Task directions:
Return the full listing word for word, but drop every picture from it.

Material to process:
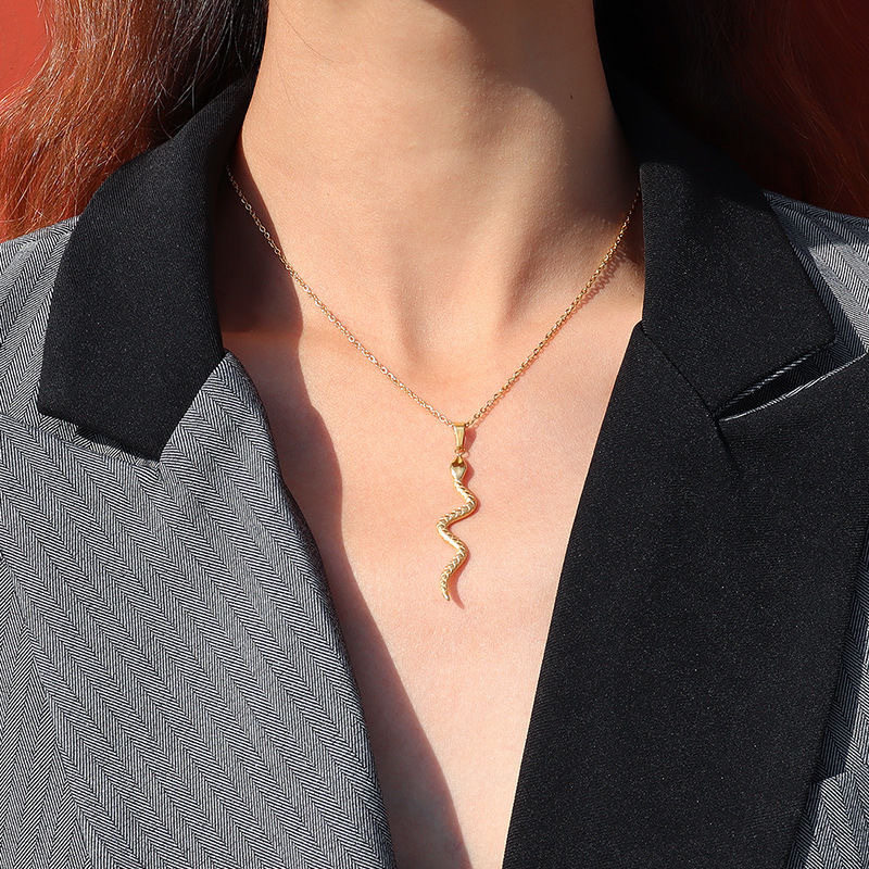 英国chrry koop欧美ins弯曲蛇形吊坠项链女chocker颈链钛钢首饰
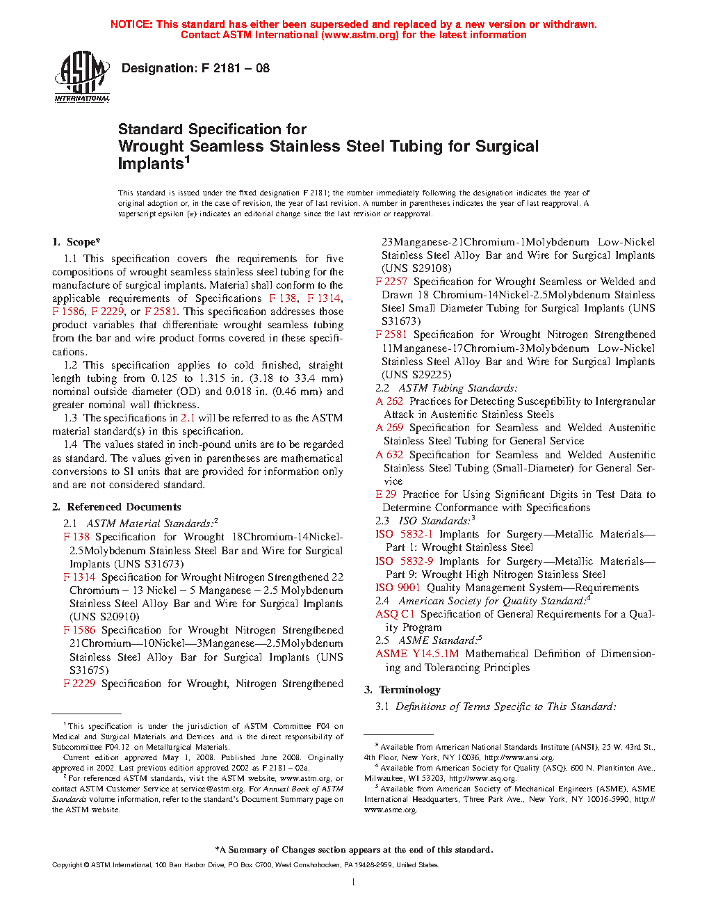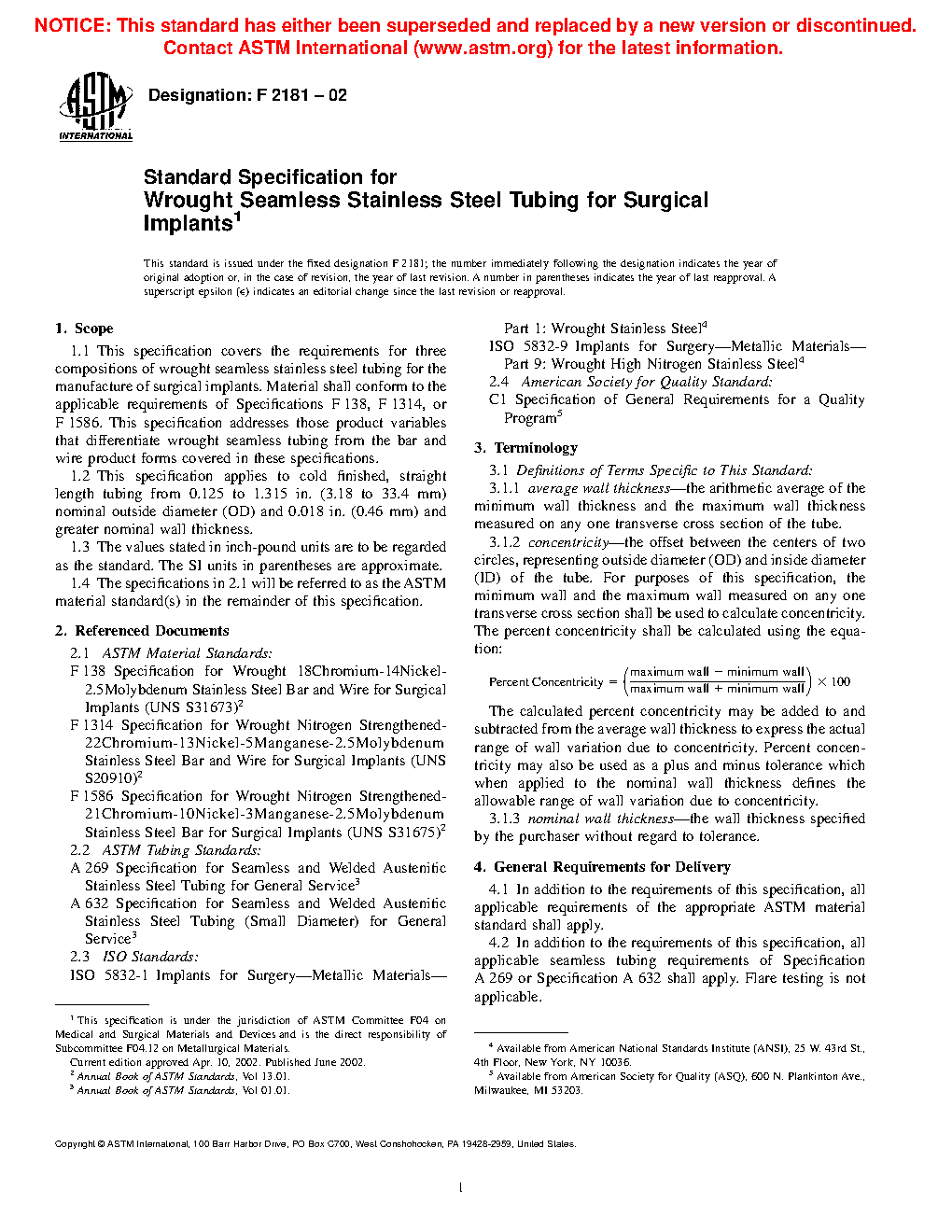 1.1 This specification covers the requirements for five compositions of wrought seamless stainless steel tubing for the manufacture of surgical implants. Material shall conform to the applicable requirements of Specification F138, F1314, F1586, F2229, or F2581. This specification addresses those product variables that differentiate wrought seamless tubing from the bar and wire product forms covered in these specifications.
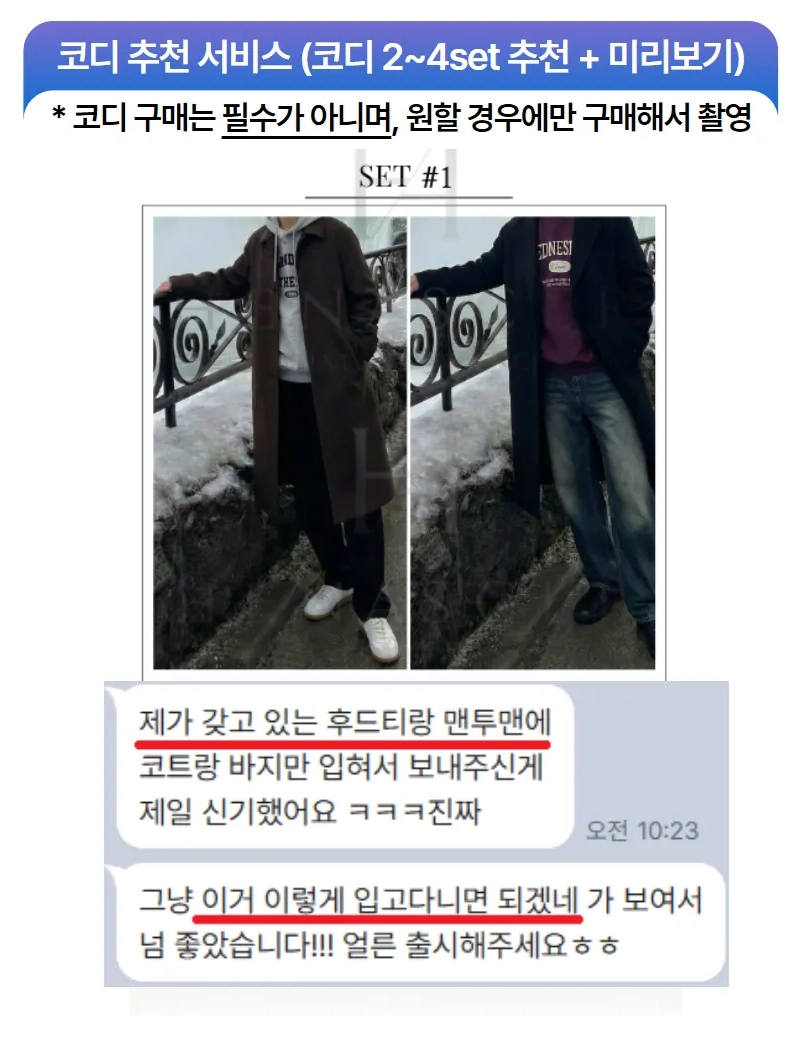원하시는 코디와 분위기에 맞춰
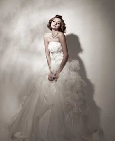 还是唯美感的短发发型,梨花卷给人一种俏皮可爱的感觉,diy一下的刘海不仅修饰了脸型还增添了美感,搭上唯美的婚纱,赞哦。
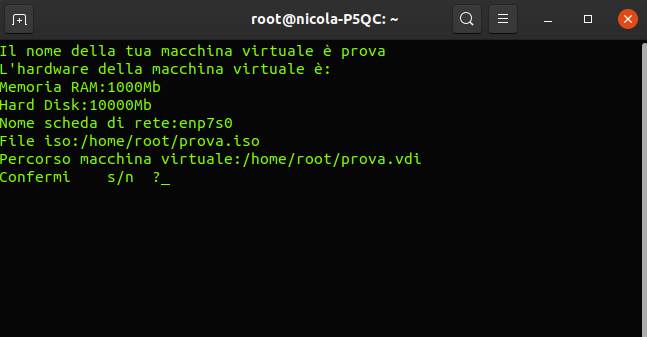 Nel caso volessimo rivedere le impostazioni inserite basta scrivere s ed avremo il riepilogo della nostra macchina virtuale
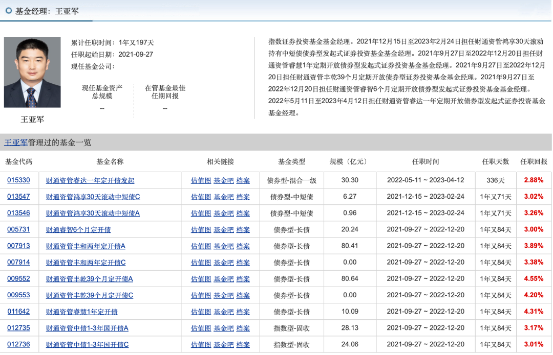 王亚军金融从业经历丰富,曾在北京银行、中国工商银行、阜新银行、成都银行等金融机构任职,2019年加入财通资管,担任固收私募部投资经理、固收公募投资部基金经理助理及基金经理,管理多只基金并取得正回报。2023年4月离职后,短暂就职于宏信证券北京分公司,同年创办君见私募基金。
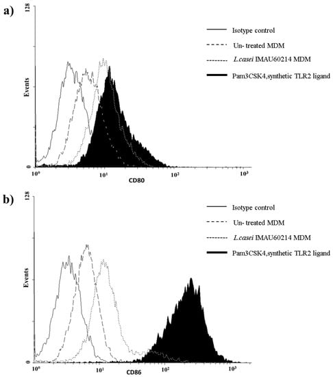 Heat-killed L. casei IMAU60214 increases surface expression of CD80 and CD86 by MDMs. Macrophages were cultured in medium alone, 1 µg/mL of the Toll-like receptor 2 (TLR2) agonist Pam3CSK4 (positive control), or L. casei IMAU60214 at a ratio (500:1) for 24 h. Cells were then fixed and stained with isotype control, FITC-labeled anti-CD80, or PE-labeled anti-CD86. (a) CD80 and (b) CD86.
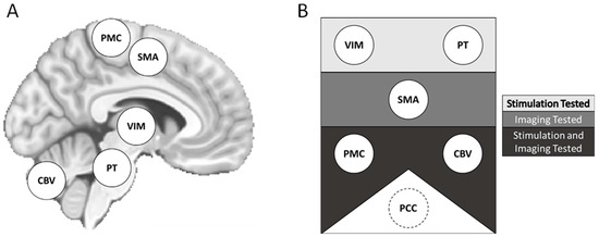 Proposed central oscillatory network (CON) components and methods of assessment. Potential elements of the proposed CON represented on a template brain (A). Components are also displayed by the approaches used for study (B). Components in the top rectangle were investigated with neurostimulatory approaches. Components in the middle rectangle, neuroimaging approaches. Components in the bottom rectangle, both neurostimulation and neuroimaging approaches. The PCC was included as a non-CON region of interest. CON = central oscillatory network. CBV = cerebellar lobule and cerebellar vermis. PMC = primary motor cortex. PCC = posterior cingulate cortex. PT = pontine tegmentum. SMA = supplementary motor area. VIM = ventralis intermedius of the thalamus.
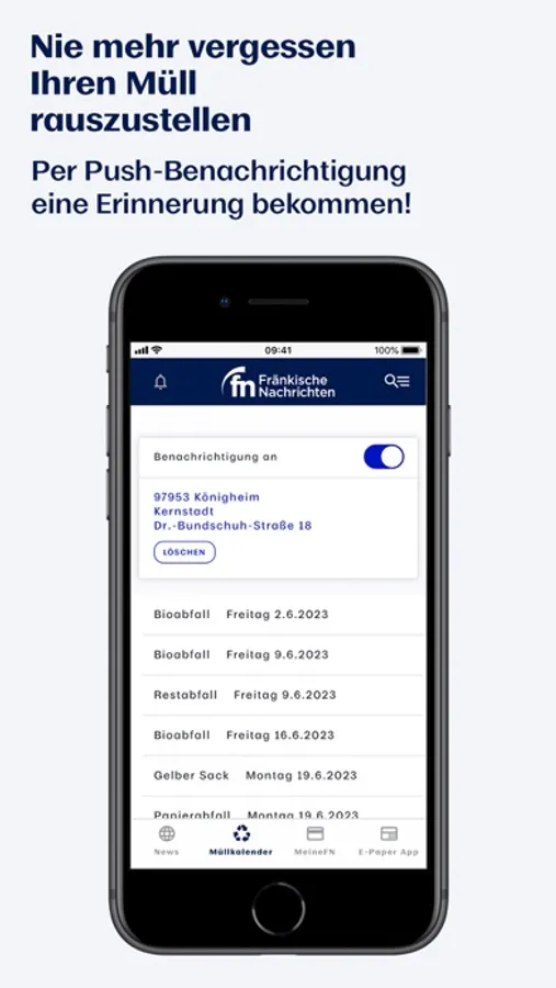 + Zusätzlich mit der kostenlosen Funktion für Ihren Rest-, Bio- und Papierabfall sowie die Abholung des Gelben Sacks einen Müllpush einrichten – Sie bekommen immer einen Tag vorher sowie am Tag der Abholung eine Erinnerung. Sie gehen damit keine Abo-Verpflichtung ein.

Response below:
 英国chrry koop欧美ins弯曲蛇形吊坠项链女chocker颈链钛钢首饰
 1.1 This specification covers the requirements for five compositions of wrought seamless stainless steel tubing for the manufacture of surgical implants. Material shall conform to the applicable requirements of Specification F138, F1314, F1586, F2229, or F2581. This specification addresses those product variables that differentiate wrought seamless tubing from the bar and wire product forms covered in these specifications.
원하시는 코디와 분위기에 맞춰
 还是唯美感的短发发型,梨花卷给人一种俏皮可爱的感觉,diy一下的刘海不仅修饰了脸型还增添了美感,搭上唯美的婚纱,赞哦。
 Nel caso volessimo rivedere le impostazioni inserite basta scrivere s ed avremo il riepilogo della nostra macchina virtuale
 王亚军金融从业经历丰富,曾在北京银行、中国工商银行、阜新银行、成都银行等金融机构任职,2019年加入财通资管,担任固收私募部投资经理、固收公募投资部基金经理助理及基金经理,管理多只基金并取得正回报。2023年4月离职后,短暂就职于宏信证券北京分公司,同年创办君见私募基金。
 Heat-killed L. casei IMAU60214 increases surface expression of CD80 and CD86 by MDMs. Macrophages were cultured in medium alone, 1 µg/mL of the Toll-like receptor 2 (TLR2) agonist Pam3CSK4 (positive control), or L. casei IMAU60214 at a ratio (500:1) for 24 h. Cells were then fixed and stained with isotype control, FITC-labeled anti-CD80, or PE-labeled anti-CD86. (a) CD80 and (b) CD86.
 Proposed central oscillatory network (CON) components and methods of assessment. Potential elements of the proposed CON represented on a template brain (A). Components are also displayed by the approaches used for study (B). Components in the top rectangle were investigated with neurostimulatory approaches. Components in the middle rectangle, neuroimaging approaches. Components in the bottom rectangle, both neurostimulation and neuroimaging approaches. The PCC was included as a non-CON region of interest. CON = central oscillatory network. CBV = cerebellar lobule and cerebellar vermis. PMC = primary motor cortex. PCC = posterior cingulate cortex. PT = pontine tegmentum. SMA = supplementary motor area. VIM = ventralis intermedius of the thalamus.
 + Zusätzlich mit der kostenlosen Funktion für Ihren Rest-, Bio- und Papierabfall sowie die Abholung des Gelben Sacks einen Müllpush einrichten – Sie bekommen immer einen Tag vorher sowie am Tag der Abholung eine Erinnerung. Sie gehen damit keine Abo-Verpflichtung ein.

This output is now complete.